Каштан уже почти отцвел. Я не любил аромата его цветов, но сейчас он напоминал мне что-то очень далекое, забытое. Над кустами все еще переливался блеск бенгальских огней, доносились звуки заглушавших друг друга оркестров, и каждую минуту возвращался, приносимый ветром, дружный вопль участников какого-то зрелища, наверно, американских гор. Мой уголок оставался почти безлюдным.
Внезапно из темной аллеи появилась черная высокая фигура. Листья уже казались серыми, и лицо этого человека я увидел лишь тогда, когда он, необычайно медленно, крохотными шажками, почти не отрывая ног от земли, приблизился ко мне и остановился в нескольких шагах. Его руки прятались в каких-то утолщенных раструбах, откуда выходили два тонких стержня, оканчивавшихся черными грушевидными расширениями. Он опирался на них, как человек, необычайно слабый. Он не смотрел на меня, не смотрел ни на что – смех, громкие крики, музыка, взрывы фейерверка, казалось, вообще не существуют для него. Так он постоял с минуту, тяжело дыша, и в свете повторяющихся фейерверков его лицо показалось мне таким древним, словно годы стерли с него всякое выражение, оставив лишь кожу да кости. Когда он уже собрался тронуться дальше, выбросив вперед эти странные груши или протезы, один из них скользнул, я вскочил со скамейки, чтобы поддержать его, но он сам удержался. Он был на голову ниже меня, но все-таки очень высокий для нынешних людей; его блестящие глаза смотрели на меня.
– Простите, – пробормотал я и хотел отойти, но остановился: в его глазах был какой-то приказ.

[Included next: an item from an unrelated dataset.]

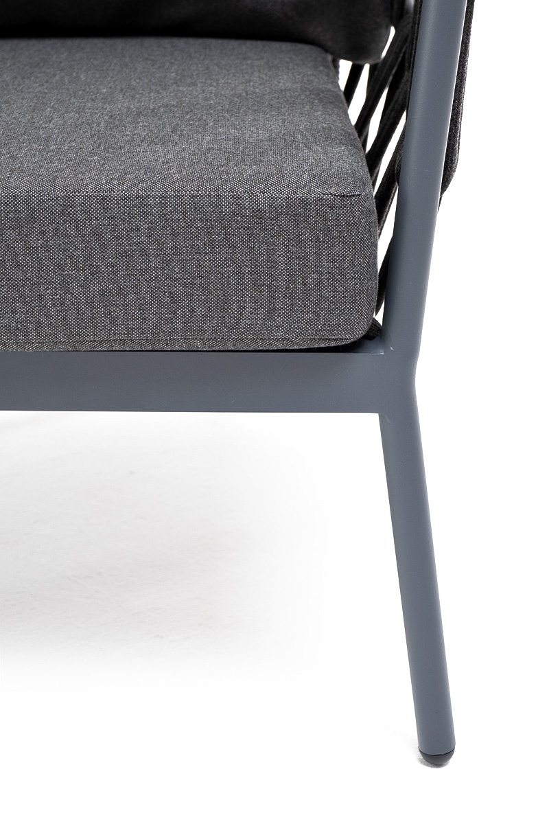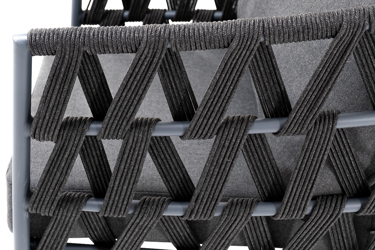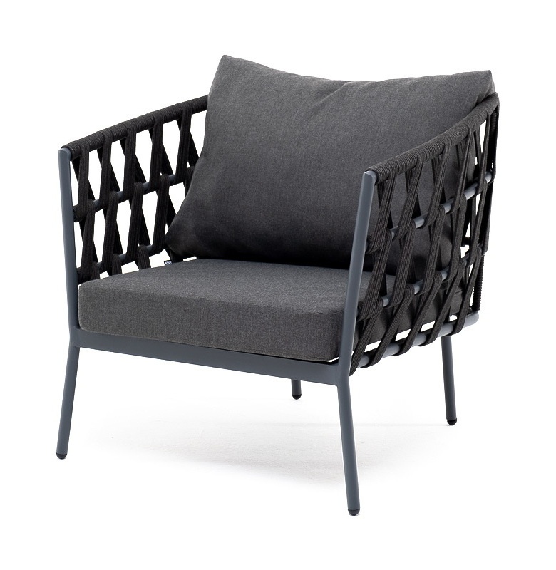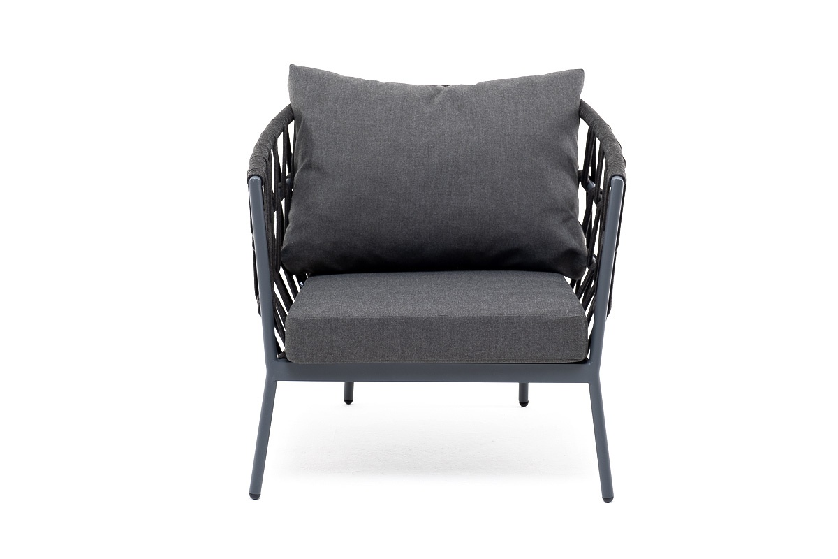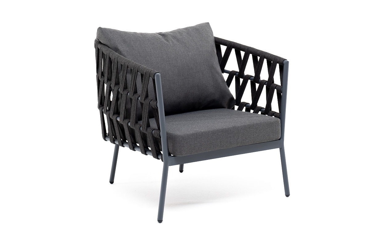 МЕБЕЛЬ ИЗ ИСКУССТВЕННОГО РОТАНГА • КОМПЛЕКТЫ ИЗ ИСКУССТВЕННОГО РОТАНГАДля сада и дачи • Кресла из искусственного ротангаDIE-A-001 RAL7024 Mua D-grey(D-gray027) Диего кресло плетеное из роупа, каркас алюминий темно-серый (RAL7024) муар, роуп темно-серый круглый, ткань темно-серая 027

– Я вас уже видел где-то. Но где? – спросил он неожиданно сильным голосом.
– Сомневаюсь, – ответил я, покачивая головой. – Я только вчера вернулся… из очень далекой экспедиции.
– Откуда?
– Фомальгаут.
Его глаза сверкнули.
– Ардер! Том Ардер!!
– Нет, – сказал я. – Но я был с ним.
– А он?
– Погиб.
Он задохнулся:
– Помогите… мне… сесть…
Я обхватил его за плечи. Под черным скользким материалом прощупывались одни только кости. Медленно опустил его на скамейку. Стал рядом.
– Сядьте… тоже.
Я сел. Он все еще тяжело дышал, не открывая глаз.

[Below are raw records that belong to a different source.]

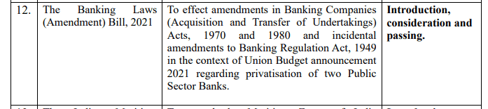 This Bill is one of 26 new Bills on the government’s legislative agenda, out of a total of 29 Bills. To effect amendments in Banking Companies (Acquisition and Transfer of Undertakings) Acts, 1970 and 1980 and incidental amendments to Banking Regulation Act, 1949 in the context of Union Budget announcement 2021 regarding privatisation of two Public Sector Banks.
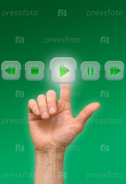 Рука нажимает интерактивную кнопку
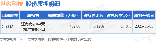 证券之星消息,世名科技(300522)11月7日公开信息显示,股东吕仕铭向江苏苏豪中天控股有限公司合计质押452.0万股,占总股本1.4%。质押详情见下表:
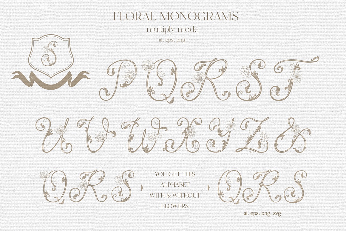 - 26 Floral Monogram (flowers with a white fill), as Ai, Eps, Png 5000×5000 px, 300dpi
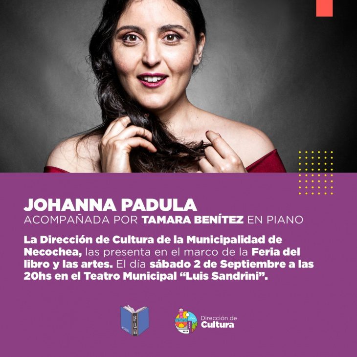 El próximo sábado se presentará en el Teatro Municipal “Luis Sandrini”, en calle 54 Nº 3080, la cantante lírica Johanna Padula, acompañada en el piano por Tamara Benítez.
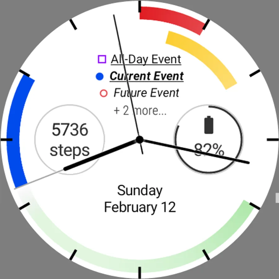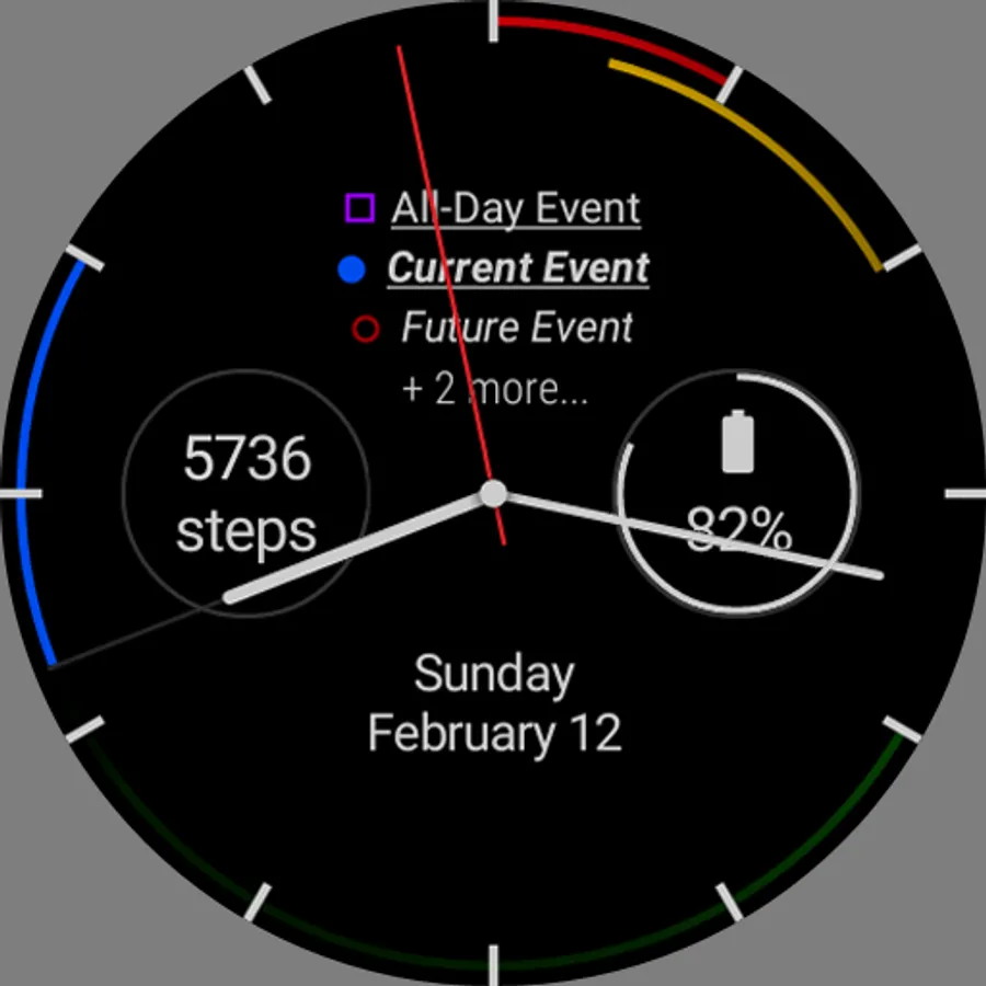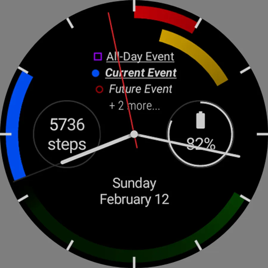 Using arcs colored from the event colors on your Google Calendar, First displays your agenda of meetings, events, and all-day events in a stylish and functional manner. First is designed to handle events even as long or longer than 12 hours with grace. NOTE: this requires accepting the calendar permission upon installation, and it can take up to 15 minutes for calendar events to sync to your watch.

– Это ничего… волнение, – шепнул он. Потом с трудом поднял веки и просто сказал: – Я Ремер.
У меня перехватило дыхание:
– Как… Вы… Вы? Сколько же…
– Сто тридцать четыре, – сухо ответил он. – Тогда мне было семь.

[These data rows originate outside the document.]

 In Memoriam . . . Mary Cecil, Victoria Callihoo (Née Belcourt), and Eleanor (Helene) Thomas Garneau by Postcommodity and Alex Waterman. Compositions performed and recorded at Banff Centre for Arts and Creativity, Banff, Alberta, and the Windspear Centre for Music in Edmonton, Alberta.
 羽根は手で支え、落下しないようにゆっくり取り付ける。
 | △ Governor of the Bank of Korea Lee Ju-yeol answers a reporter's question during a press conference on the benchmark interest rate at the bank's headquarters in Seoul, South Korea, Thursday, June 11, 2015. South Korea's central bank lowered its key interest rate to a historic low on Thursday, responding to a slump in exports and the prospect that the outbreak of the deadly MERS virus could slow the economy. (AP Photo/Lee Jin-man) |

Я помнил его. Он приехал к нам со своим отцом, феноменальным математиком, который был ассистентом Геонидеса – создателя теории нашего полета. Ардер тогда показал ребенку наш большой испытательный зал, центрифугу – таким он и остался у меня в памяти: подвижный, словно искра, семилетний мальчонка, с черными отцовскими глазами; Ардер поднял его на руки, чтобы малыш мог вблизи рассмотреть гравикамеру, в которой сидел я.
Мы молчали. В этой встрече было что-то противоестественное. Сквозь темноту я вглядывался с какой-то ненасытной, болезненной жадностью в это невероятно старое лицо, и к горлу у меня подкатывался комок. Я пытался достать из кармана папиросу, но не мог ухватить ее, так дрожали руки.
– Что произошло с Ардером? – спросил он.
Я рассказал.
– Вы не нашли ничего?
– Нет. Там не находят… понимаете.
– Я принял вас за него…
– Понимаю. Рост и вообще…
– Да. Сколько вам теперь лет? Биологических…
– Сорок.
– Я мог бы… – прошептал он.
Я понял.
– Не жалейте, – твердо произнес я. – Не жалейте об этом. Не жалейте ни о чем, понимаете?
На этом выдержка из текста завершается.